Multi GPU backwards hook on wrong device

I have a backward hook function with ‘newLayer.register_backward_hook(hook_function)’ where I do not know how to control the inputs to it. The function contains a line like.

def hook_function(self, grad_input, grad_output):
    self.average = self.average * 0.99 + grad_output[0].sum((0,2,3)) * 0.01

This results in:

RuntimeError: expected device cuda:0 but got device cuda:1
(Pdb) self.average
tensor([0., 0., 0., 0., 0., 0., 0., 0., 0., 0.], device='cuda:0',
       dtype=torch.float64)
(Pdb) grad_output[0].sum((0,2,3))
tensor([ 0.0508,  0.0492,  0.0512,  0.0487,  0.0517,  0.0483,  0.0522,  0.0479,
        -0.1974, -0.2026], device='cuda:1', dtype=torch.float64)

I need to know either how to define my self.average better or if i am doing something wrong somewhere else and it is grad_output that is wrong.

the above is with

self.average = torch.Tensor(out_channels).zero_().to(gf.device).double()

I have also tried

self.average = nn.Parameter(torch.Tensor(out_channels).zero_().to(gf.device).double())

which results in

TypeError: cannot assign 'torch.cuda.DoubleTensor' as parameter 'normalPassAverageD' (torch.nn.Parameter or None expected)

at the same location

I don’t know how self.average is initialized, but would assume this should work:

self.average = self.average.to(grad_output[0].device) * 0.99 + grad_output[0].sum((0,2,3)) * 0.01

Could you check it and see, if you are still getting an error?
In that case, could you post a small code snippet to reproduce this issue?

1 Like

That worked! Thanks!

But this is all within a DataParallel. Isn’t that supposed to make it play nice with multiple devices? I would have thought calling .to(a specific device) would limit it to only using that device. Maybe I don’t understand how DataParallel works entirely.
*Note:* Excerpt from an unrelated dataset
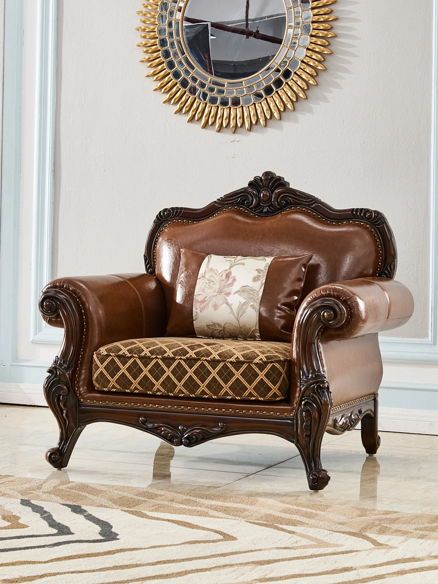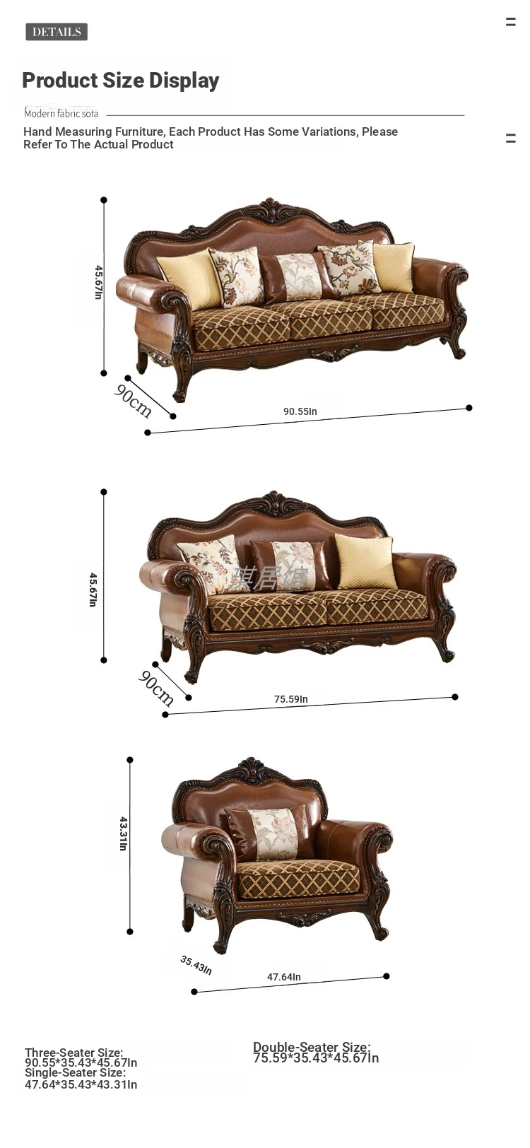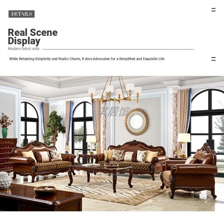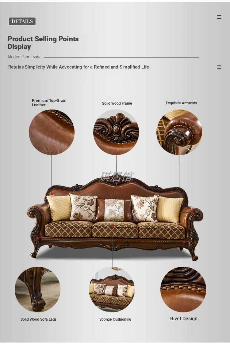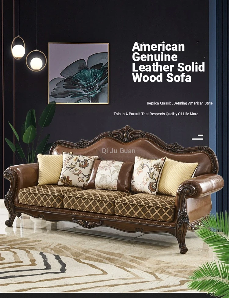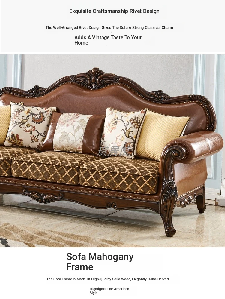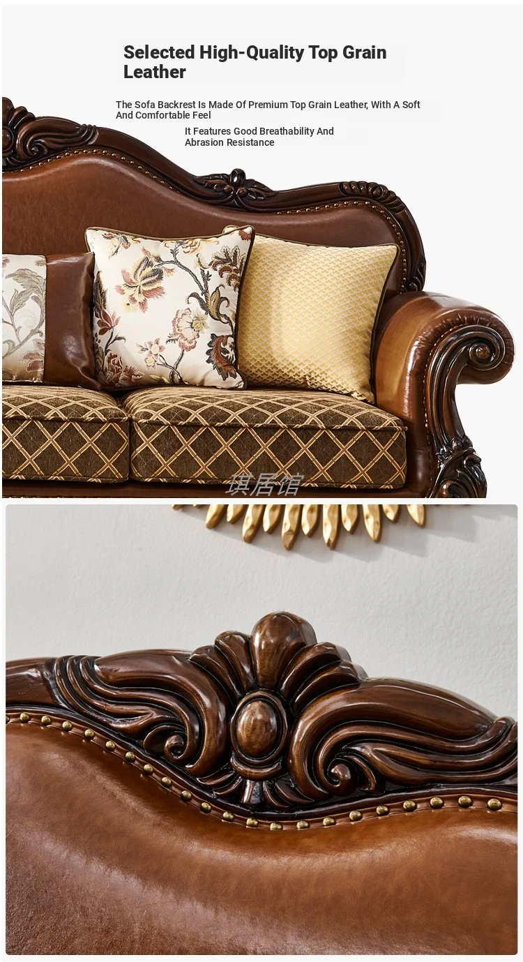 American Genuine Leather Sofa Set - Top Layer Yellow Cowhide Retro Style Living Room Sofa for Large Spaces, 3-Piece Combination Furniture

It’s hard to tell what’s creating the issue without seeing the code, but generally you are right. nn.DataParallel should take care of pushing the parameters and buffers to the right devices. However, if self.average was defined as at tensor, you would run into this error.

1 Like

It was in fact defined as a tensor. Is there another way I should define self tensors to be sure they are handled by DataParallel?
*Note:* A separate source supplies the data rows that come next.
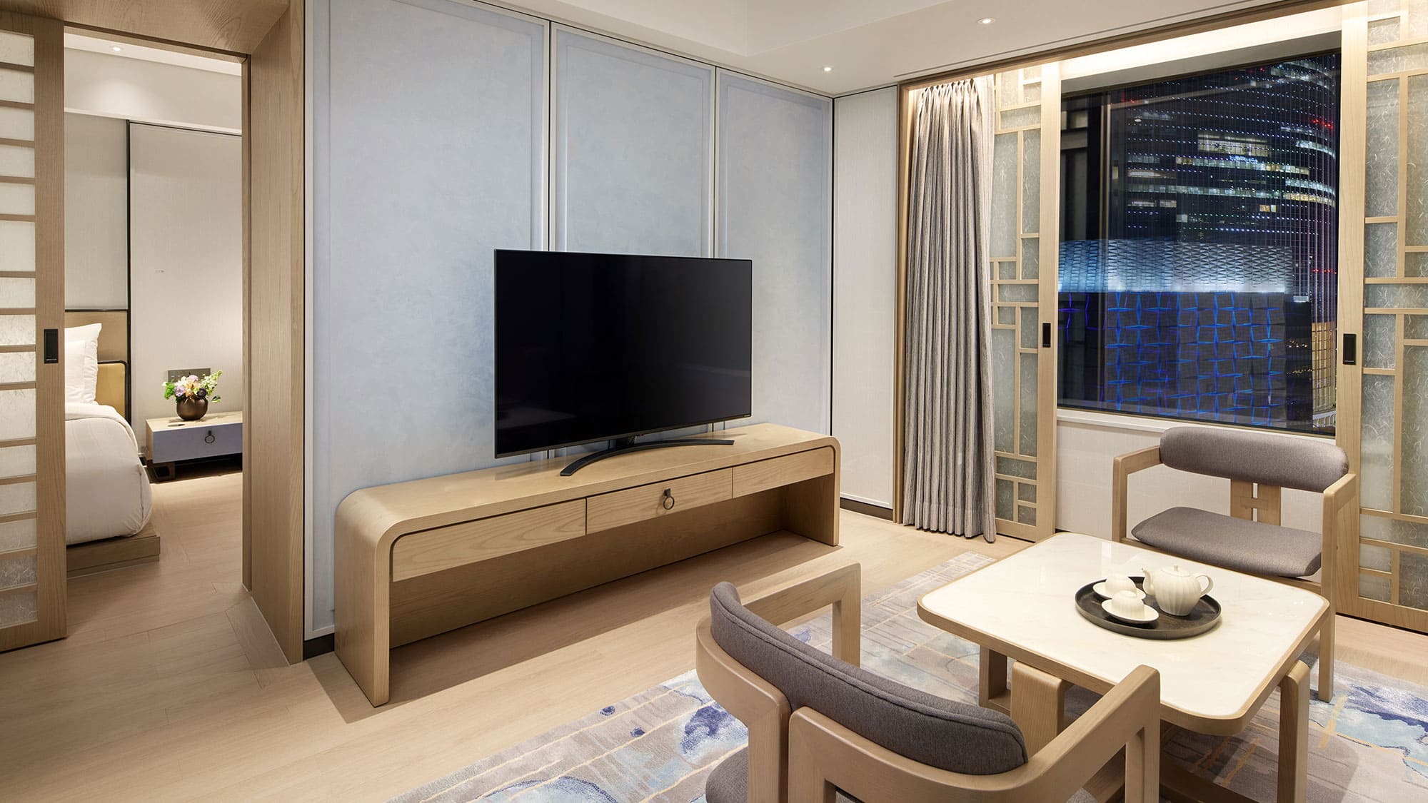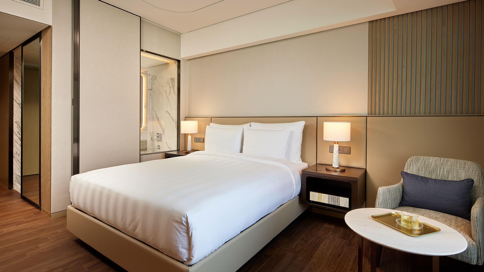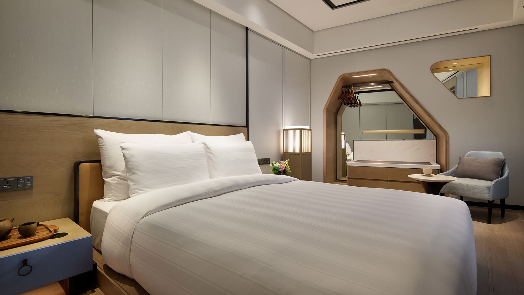 Character corner suite (55 кв. м). Спальня с гостиной зоной (двуспальная или две отдельные кровати), ванная комната. Дополнительно: DVD-плеер, игровая приставка Playstation 3, тапочки. Расположены в угловой части здания. Вид на развлекательный парк и город.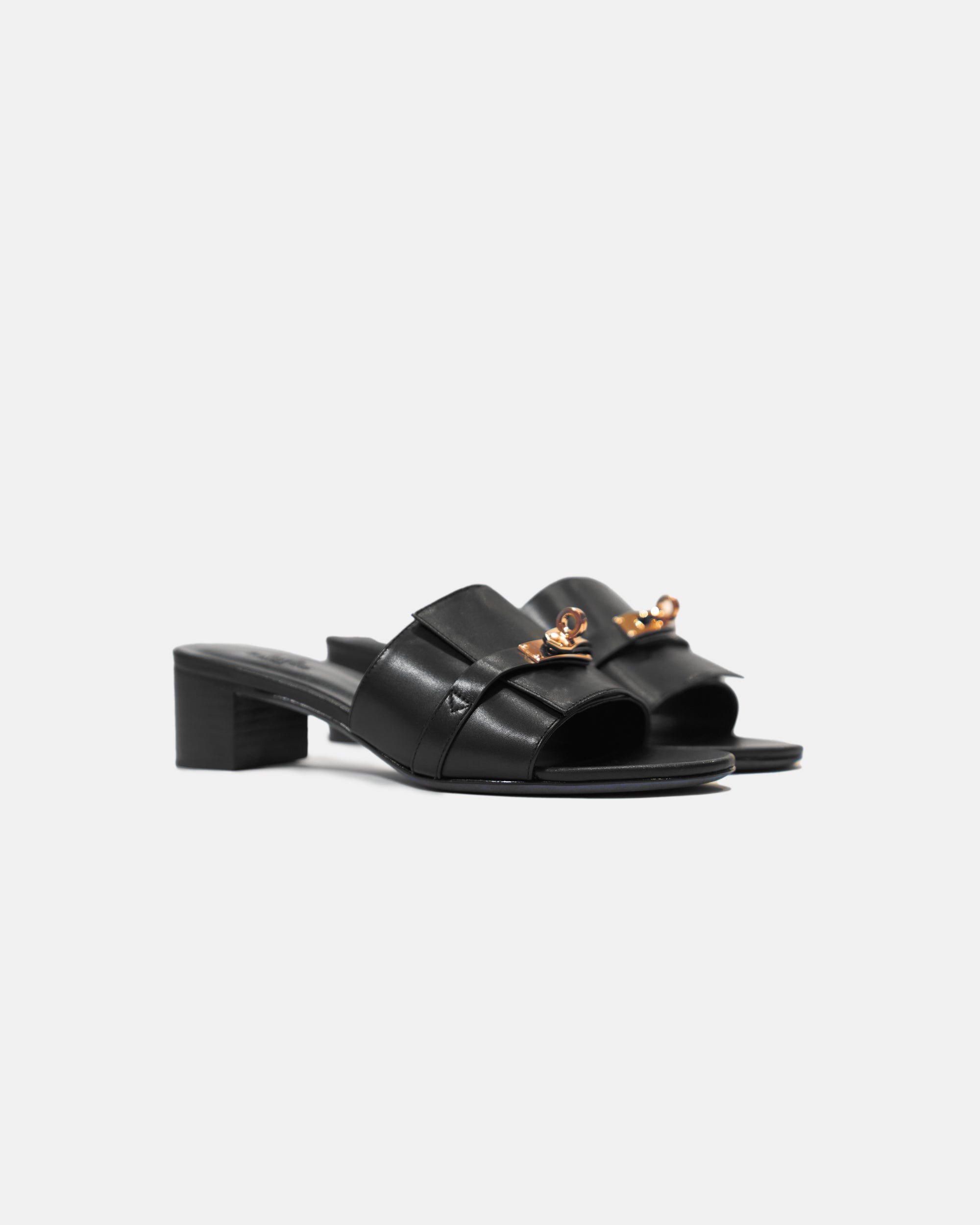 Hermes Chypre Black Calfskin Sandal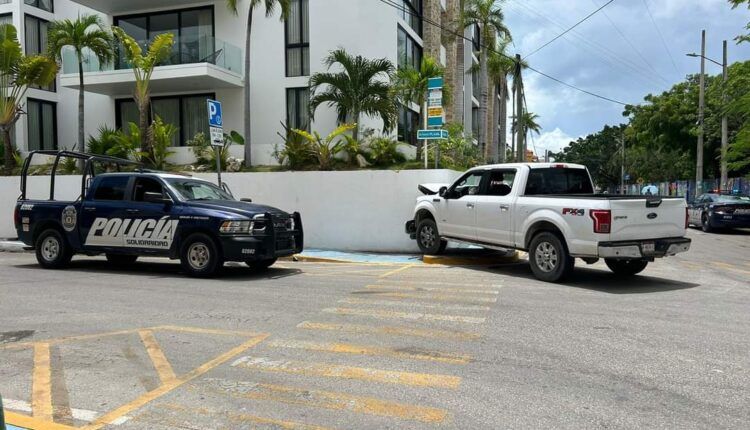 Playa del Carmen. – El conductor de una camioneta colisionó esta mañana con una patrulla de la policía municipal, cuando circulaba sobre la calle 14 bis en el cruce de la calle 20, en plena zona turística de la ciudad. Un policía resultó lesionado.

If you don’t need to update this tensor (i.e. no gradients should be calculated for it), you should define it as a buffer via: self.register_buffer('average', torch.tensor(...)). This would make sure that nn.DataParallel will push this buffer to the corresponding device. In your forward method you can access it via self.average.

1 Like

Cool! That worked for all of my tensors that are having their values be modified without the .to(). However, later in the same function there is one more tensor I am just saving directly with

self.current = grad_output[0].detach()

This works fine on one GPU but when running on multiple it tells me 'AttributeError: (module) object has no attribute ‘current’ '. I imagine I could do a .copy_() or something, but I won’t actually know the shape until the network has been run on an image. Thoughts? I can also start a new thread if that would be appropriate.
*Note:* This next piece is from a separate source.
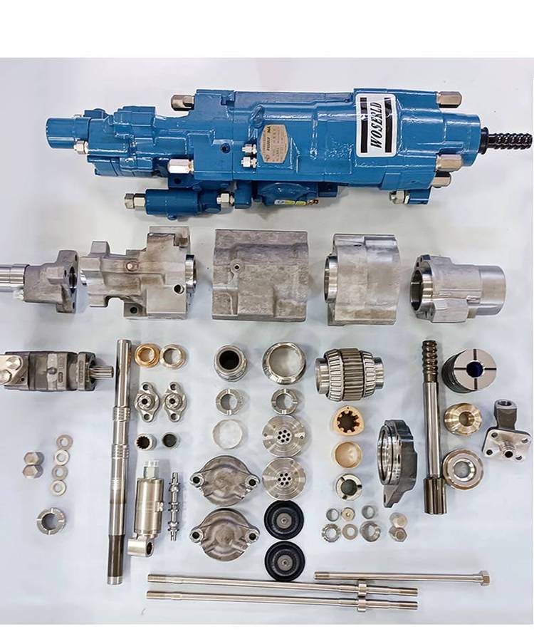连接板、凿岩机、传动轴、轴承套、缓冲套、梅花扳手、缓冲衬套、液压马达、缓冲活塞、套筒转接头、高低压蓄能器、液压锚杆钻车、掘进凿岩台车、冲击活塞止动环、蓄能器拆装工具、岩机配件活塞盖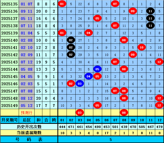 后区分析【一区01-04,二区05-08,三区09-12】:上期后区奖号为05和12,分别落在第二、三区,近50期后区三区比为30:38:32,近10期三区比为6:9:5,本期注意第一、二区号码出现,关注两码03+08。

Manually manipulating model attributes when running a data parallel approach is a bit tricky, since each device uses a replica of the model and your changes could be lost.
Feel free to create a new topic and describe your use case further.

1 Like

Finally back to this after debugging other things. Apparently the .to() method made it run but it doesn’t get the same values which I imagine is because its not actually keeping the numbers the same. I’m using a registered buffer as well. Started a thread with all my current code, please take a look when you get a chance :slight_smile: Multi GPU Hook not correctly filling buffer

Have another thread now that includes a full code sample.